Your Winery Needs To Know These Marketing Trends In 2018

Jan 21, 2018 | Winery Marketing

Marketing and tourism are two crucial aspects of ensuring your winery becomes and remains profitable. But without creative, strategic marketing to get visitors to your website and tasting room, becoming or remaining a player in this hyper-competitive industry will continue to be a challenge for many small wineries.

When it comes to marketing your winery, knowing where to start or how to stay ahead of the curve can be an overwhelming experience. Technology evolves rapidly, and trends emerge every year. Having to keep watch on the balance sheet day in and day out doesn’t help.

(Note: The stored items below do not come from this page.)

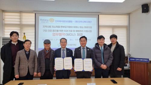 [½Åµ¿¾Æ¹æ¼Û °æ³²ÁøÁÖ=³²±Ã¿µ±â±âÀÚ] ÁøÁֽú¹ÁöÀç´ÜÀº 21ÀÏ ÁøÁֽú¹ÁöÀç´Ü¿¡¼­ ±¹Á¦·ÎŸ¸® 3590Áö±¸ ÁøÁÖÃ˼®·ÎŸ¸®Å¬·´°ú Àú¼Òµæ ÇѺθ𠰡Á¤ÀÇ ±¸°­ °Ç°­ ÁõÁøÀ» À§ÇÑ ¾÷¹«Çù¾à(MOU)À» ü°áÇß´Ù. À̹ø Çù¾àÀº Áö¿ª»çȸ Àú¼Òµæ ÇѺθ𠰡Á¤À» ´ë»óÀ¸·Î Ä¡°ú Áø·á ¡¦
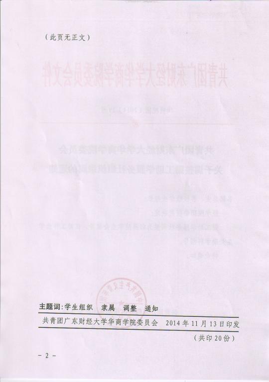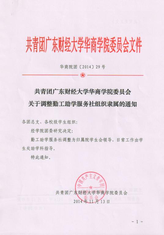 共青团广东财经大学华商学院委员会关于调整勤工助学服务社组织录属的通知
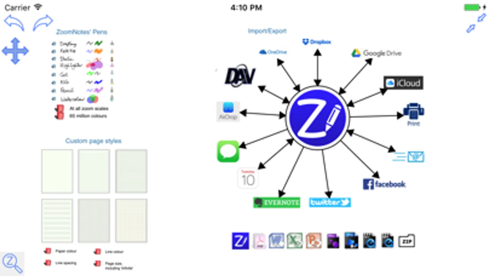 Share documents as PDF files, images, videos or ZoomNotes documents (via email, iTunes, clipboard, Dropbox, Twitter and Evernote, Airdrop, iCloud Drive and Open in.
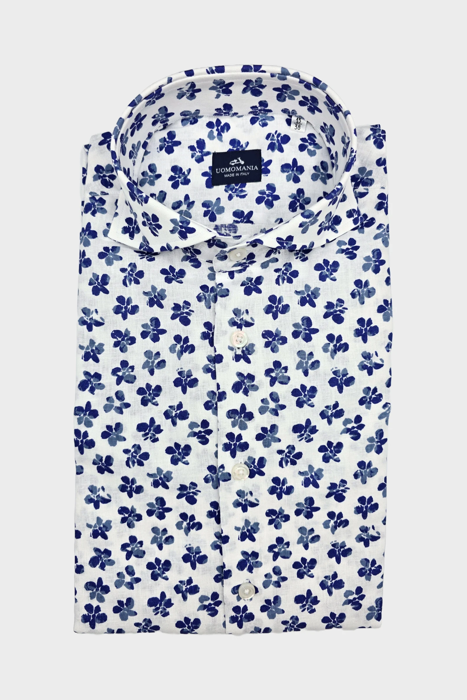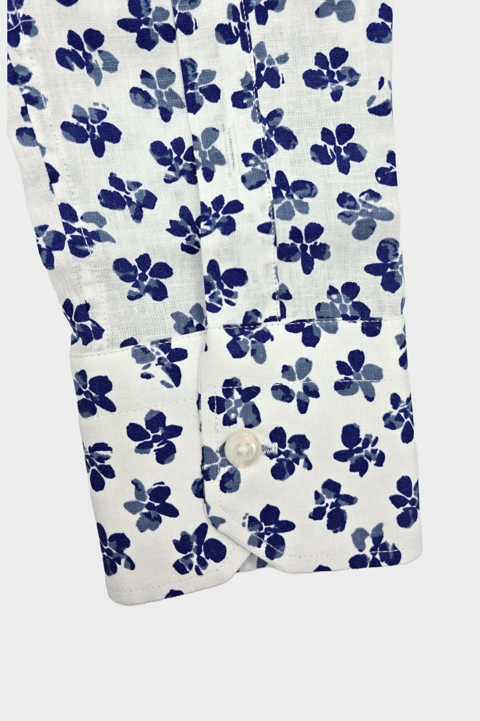 Camisa Pacha en 100% Puro Lino con estampado de elegantes flores, en tonalidades de azul Denim intenso, sobre fondo blanco.

With all the tasks that need to be handled – especially during harvest season – there is likely little time for you to spend on marketing.

Luckily, there are a few recent trends that are relatively easy to follow and can produce big results. By leveraging the following trends, you can successfully promote your wine brand without having to put in a huge time investment.

1. Individuality.

2018 is all about individuality and customization. Consumers now respond most strongly to a tailored message, presentation and product. You can make your wines stand out with consumer-centric messaging, branding, and products. Alexeli does this really well on their website, with a focus on “bringing people together.”

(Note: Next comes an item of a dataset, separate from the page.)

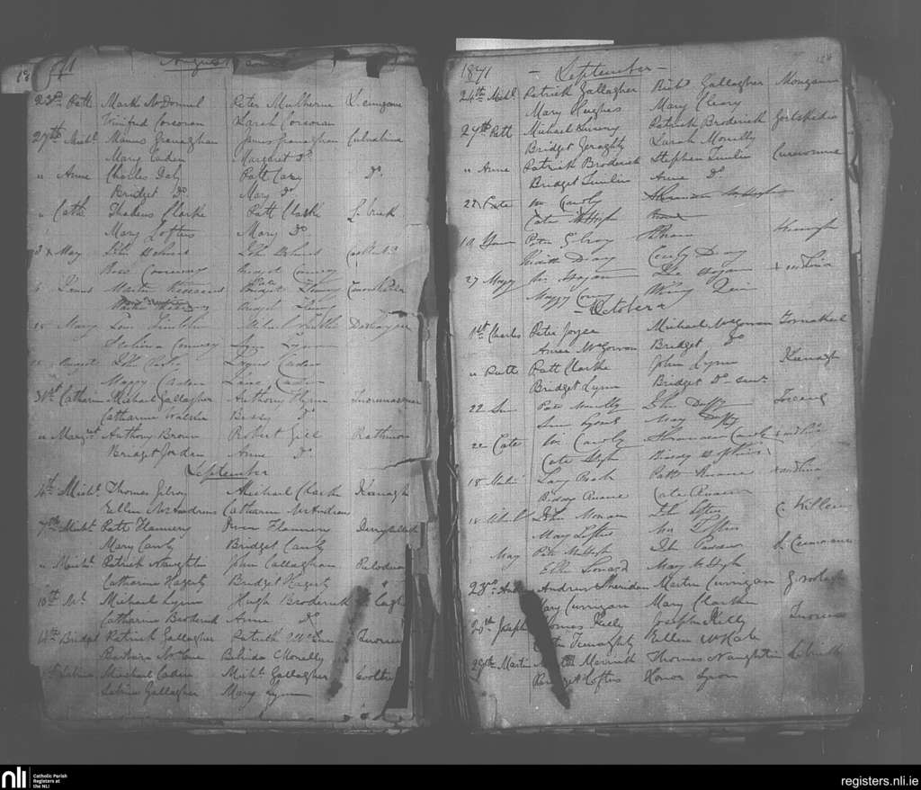 Crossmolina; County of Mayo; Diocese of Killala. Baptisms, Aug. 1871 to Oct. 1871
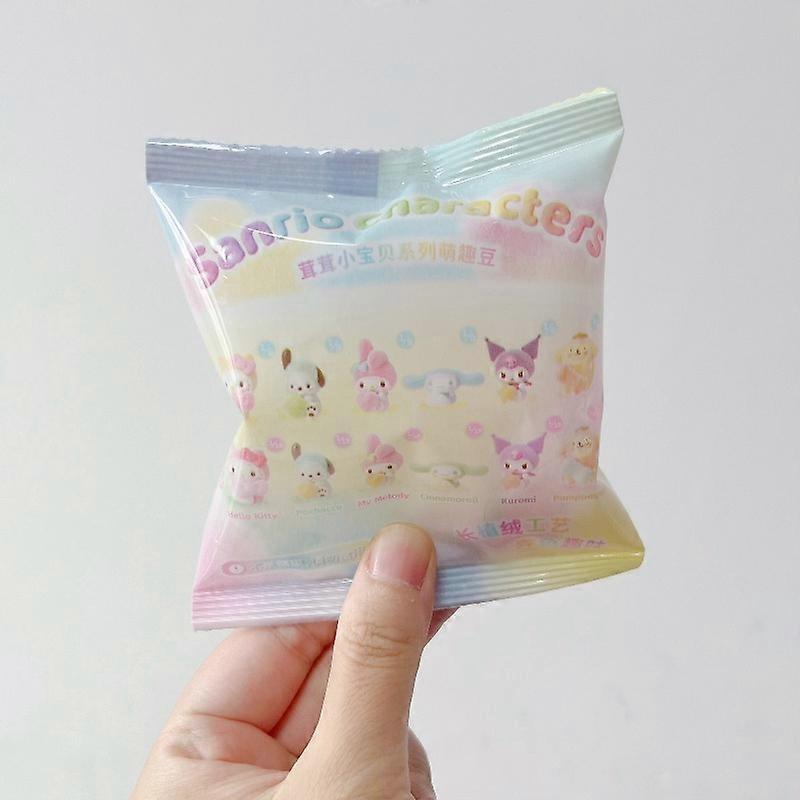 Sanrio Hello Kitty My Melody Flocking Fluffy Kawaii Anime Figure Cute Mini Doll Blind Box Toys Collection Ornaments Kids Gifts

A screenshot of the top portion of Alexeli's website

Start tailoring your brand messaging to your audience. Focus less on you, and more on the people who drink your wine. Features have become less important in selling a product; emotion will always have a place.

2. Tell Your Story.

Consumers today are tired of being “sold.” What people respond to today – what makes them adopt a brand as if it were their own child – is a passionate story that turns the brand into an experience that they can be a part of. If your story resonates with your audience and makes them say, “me too,” you’ve got yourself a loyal following. An amazing example of this is Nike’s Equality campaign.

Note: “Story” here doesn’t refer to an origin story, like “We started with humble roots in Pop’s basement and acquired a vineyard in 1998.” Few people care about that. A good story is about your purpose, your promise, your authenticity.

What’s your purpose? It shouldn’t be “to make the best tasting wines ever” – get more emotional than that. Your purpose should be something that any sane person, wine-drinker or not, can get behind. It doesn’t have to be about wine at all. Nike’s Equality campaign isn’t about shoes. It’s about something much bigger.

What promise can you make to your consumers? Hopefully not “our wines will always taste good” – what about your ecological impact? What about the types of businesses you support in turn? Where are your materials sourced? What impact might you indirectly have on the life of the consumer? What do you believe in?

3. Utilize Influencers.

Influencer marketing is blowing up right now, and for good reason. Invite wine and celebrity influencers to use and promote your brand. This can range from hosting a wine party for local radio hosts to paying for promotion by local influencers on Instagram or wine-bloggers.

The easiest way to find an influencer is generally to just open up Instagram, look at some large wineries in your region and check out who’s following them and who they’re following. Chances are, you’ll find some local wine celebs or users with names like “winemom” and so on (we’ve seen, um, maybe a few too many of those).

You could also try searching for specific, relevant phrases (#oregonwine, #pinotnoir, etc), make sure you’re looking at the results in the “Tags” tab. Pick a hashtag and check out some of the top posts – chances are you’ll find some from relevant influencers there.

An influencer on Instagram in the wine niche

One thing – be sure you’re not picking someone TOO famous. Justin Timberlake might have a popular post with a wine in it, but that doesn’t mean he’s the right influencer for your business (and he’ll probably be a little too expensive, too).